В бинокль он дважды прочесывает остров.
Ни души.
Течение здесь сильное.
В одном месте у берега острова над водой свисает огромная ива. Подмытые корни ее словно цепляются за Дунай. Йован Киш привязывает причальный конец к корню ивы толщиной в руку.
Он выжидает десять минут. Время от времени подносит к глазам бинокль. Метр за метром исследует остров. И противоположный берег тоже.
Нигде ни души.
Киш достает две удочки. Насаживает приманку. Удочки прикрепляет к бортовым перилам лодки.
Облачается в комбинезон и спортивные кеды. Лицо густо смазывает средством против комаров. На руки натягивает бумажные перчатки. Из ящика с инструментами берет саперную лопатку.
Крапива и сорняки доходят до пояса. Киш осторожно раздвигает кусты, чтобы ненароком не сломать ветку.
Потревоженные его появлением комары тучами вьются над головой и нещадно кусают. Не помогают ни комбинезон, ни противокомариное средство.

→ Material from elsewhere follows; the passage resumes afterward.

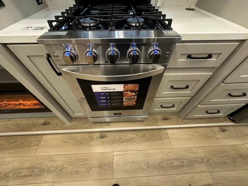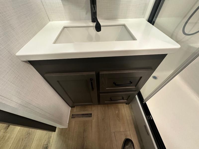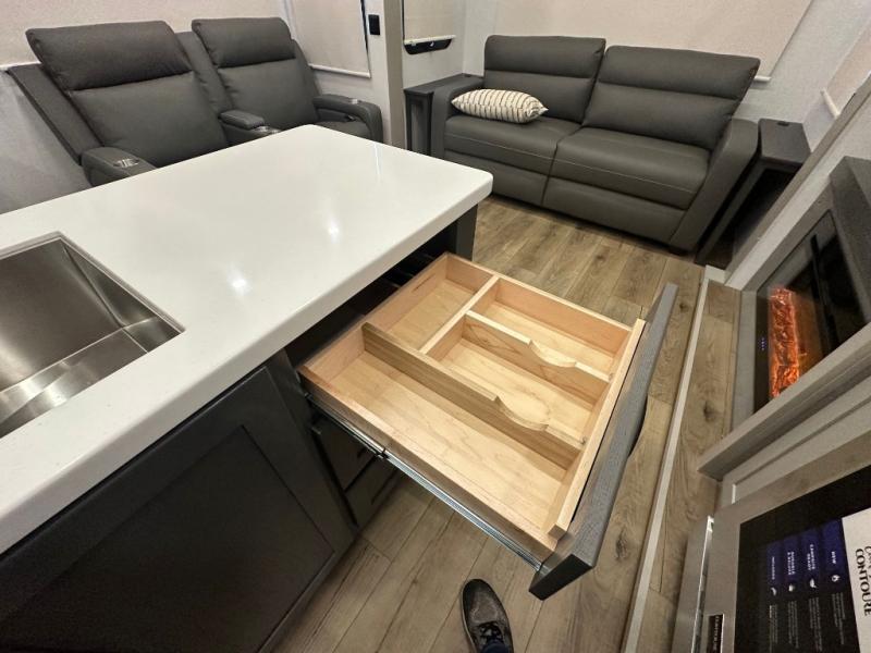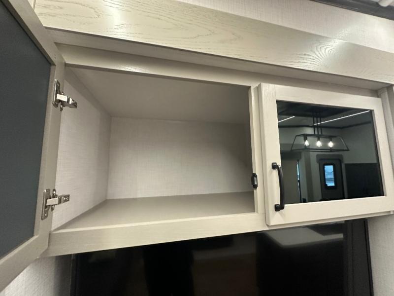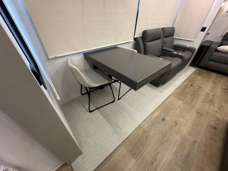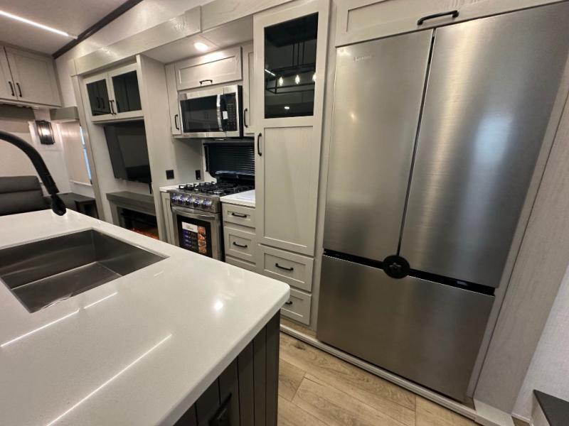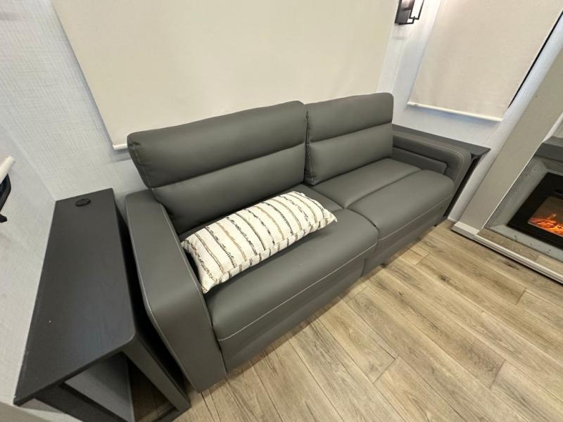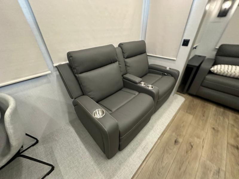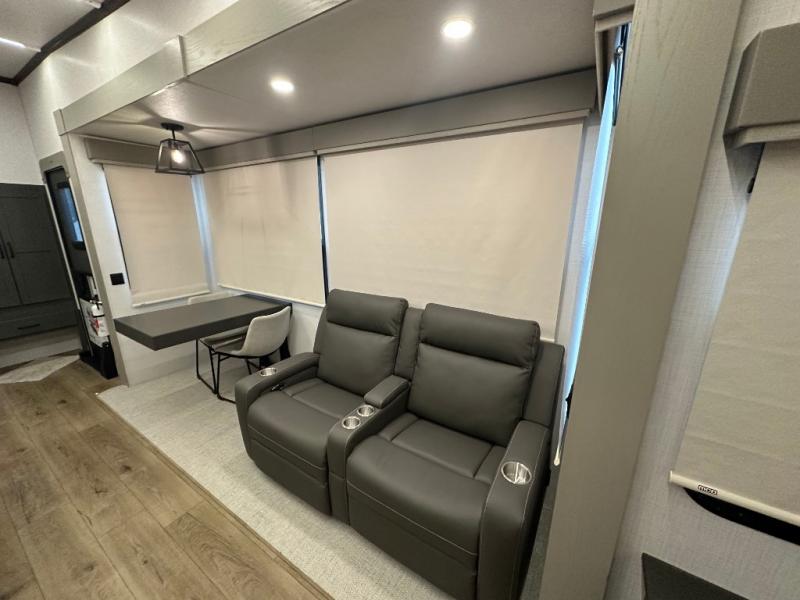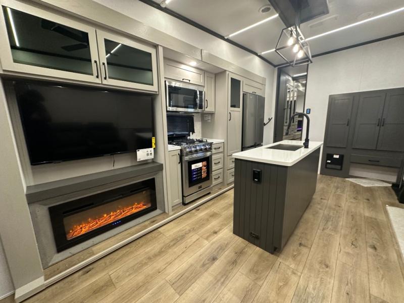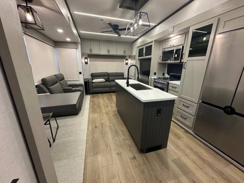 It won't be hard to fall in love with this fifth wheel that can sleep four each night! There are dual opposing slides in the bedroom and in the combined kitchen and living area for maximum space to relax! You will love evenings spent in the rear living area on the theater seat across from the 50" Smart TV, and there is a sofa sleeper to let guests stay over. A four burner gas cooktop and residential style stainless steel microwave will let you cook meals each day, and the table with chairs will be the perfect place to dine together. Head to the full bath that includes a shower with a seat to easily clean up, then head off to bed in the front private bedroom. Here, you'll find a king bed slide out, a bedroom Smart TV, plus a spacious wardrobe with a shelf. There is even washer and dryer prep if you want the option to make full-time RVing easier!

Йован Киш не пытается их отгонять: знает, что это бесполезно.
В пятидесяти метрах от берега стоит клен в обхват толщиной.

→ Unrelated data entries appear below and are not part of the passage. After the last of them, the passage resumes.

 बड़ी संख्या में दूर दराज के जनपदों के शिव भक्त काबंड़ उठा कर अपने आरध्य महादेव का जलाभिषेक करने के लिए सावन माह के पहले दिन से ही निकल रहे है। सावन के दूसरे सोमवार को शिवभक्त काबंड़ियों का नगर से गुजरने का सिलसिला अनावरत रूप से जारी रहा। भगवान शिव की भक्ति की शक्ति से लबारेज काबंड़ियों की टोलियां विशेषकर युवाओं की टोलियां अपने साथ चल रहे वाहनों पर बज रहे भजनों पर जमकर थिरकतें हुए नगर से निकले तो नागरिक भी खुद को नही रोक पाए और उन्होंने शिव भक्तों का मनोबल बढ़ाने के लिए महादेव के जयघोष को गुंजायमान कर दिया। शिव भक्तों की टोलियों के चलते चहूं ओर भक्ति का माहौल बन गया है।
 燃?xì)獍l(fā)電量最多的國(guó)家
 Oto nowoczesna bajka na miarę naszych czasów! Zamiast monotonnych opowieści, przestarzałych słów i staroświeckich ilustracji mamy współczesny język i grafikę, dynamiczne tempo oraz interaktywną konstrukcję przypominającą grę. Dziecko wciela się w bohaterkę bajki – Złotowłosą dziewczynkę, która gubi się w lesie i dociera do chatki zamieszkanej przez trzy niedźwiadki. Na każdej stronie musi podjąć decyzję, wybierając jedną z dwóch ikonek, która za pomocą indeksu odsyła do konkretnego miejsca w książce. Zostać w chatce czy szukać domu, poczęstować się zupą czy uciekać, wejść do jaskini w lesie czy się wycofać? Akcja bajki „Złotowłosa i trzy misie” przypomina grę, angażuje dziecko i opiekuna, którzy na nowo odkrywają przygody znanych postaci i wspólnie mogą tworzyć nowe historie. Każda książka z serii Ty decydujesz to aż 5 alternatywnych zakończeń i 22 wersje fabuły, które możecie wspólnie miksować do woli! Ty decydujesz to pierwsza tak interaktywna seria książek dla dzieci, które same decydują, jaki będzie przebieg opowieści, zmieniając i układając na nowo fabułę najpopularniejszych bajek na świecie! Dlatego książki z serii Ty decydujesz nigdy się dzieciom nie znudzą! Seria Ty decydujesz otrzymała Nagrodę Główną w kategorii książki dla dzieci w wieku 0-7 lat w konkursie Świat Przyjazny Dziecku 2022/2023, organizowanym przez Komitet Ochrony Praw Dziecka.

Йован Киш снова подносит к глазам висящий на шее бинокль и пядь за пядью прощупывает взглядом весь остров.
Нигде ни души.
Бинокль он кладет у подножия клена. Теперь, если кто-то пойдет, Киш услышит шаги. Со стороны реки его не видно.
Киш начинает копать. Работает спокойно, не спеша.

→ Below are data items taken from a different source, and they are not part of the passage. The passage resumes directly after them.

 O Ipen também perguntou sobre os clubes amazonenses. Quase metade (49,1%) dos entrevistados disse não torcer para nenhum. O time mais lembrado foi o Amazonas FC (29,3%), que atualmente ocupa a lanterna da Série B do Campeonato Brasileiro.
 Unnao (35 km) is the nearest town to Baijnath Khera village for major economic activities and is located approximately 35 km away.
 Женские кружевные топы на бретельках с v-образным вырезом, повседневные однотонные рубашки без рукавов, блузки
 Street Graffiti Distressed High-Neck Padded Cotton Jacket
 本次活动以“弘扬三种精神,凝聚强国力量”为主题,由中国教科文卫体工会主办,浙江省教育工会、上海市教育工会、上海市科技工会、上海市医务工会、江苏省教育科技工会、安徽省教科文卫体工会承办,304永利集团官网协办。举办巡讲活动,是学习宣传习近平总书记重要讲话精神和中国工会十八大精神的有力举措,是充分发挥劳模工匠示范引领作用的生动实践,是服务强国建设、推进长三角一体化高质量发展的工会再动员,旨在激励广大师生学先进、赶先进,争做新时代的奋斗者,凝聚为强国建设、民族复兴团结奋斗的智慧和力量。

Комары впиваются в кожу. Пот струится по лицу, стекает из-под мышек, едко щиплет в паху.
За полных четыре часа Киш управляется с работой. Каждые десять минут делает короткий перерыв. Не передохнуть, а прислушаться.
Лишь комары звенят над ухом, да где-то размеренно стучит дятел.
Яма получилась правильной формы. Киш дважды вымеряет ее. Вынутую землю он складывает кучкой.
Теперь место это можно будет отыскать даже в темноте.
Пот разъедает кожу, нестерпимо зудят комариные укусы.
Киш прикидывает направление от клена до ивы на берегу.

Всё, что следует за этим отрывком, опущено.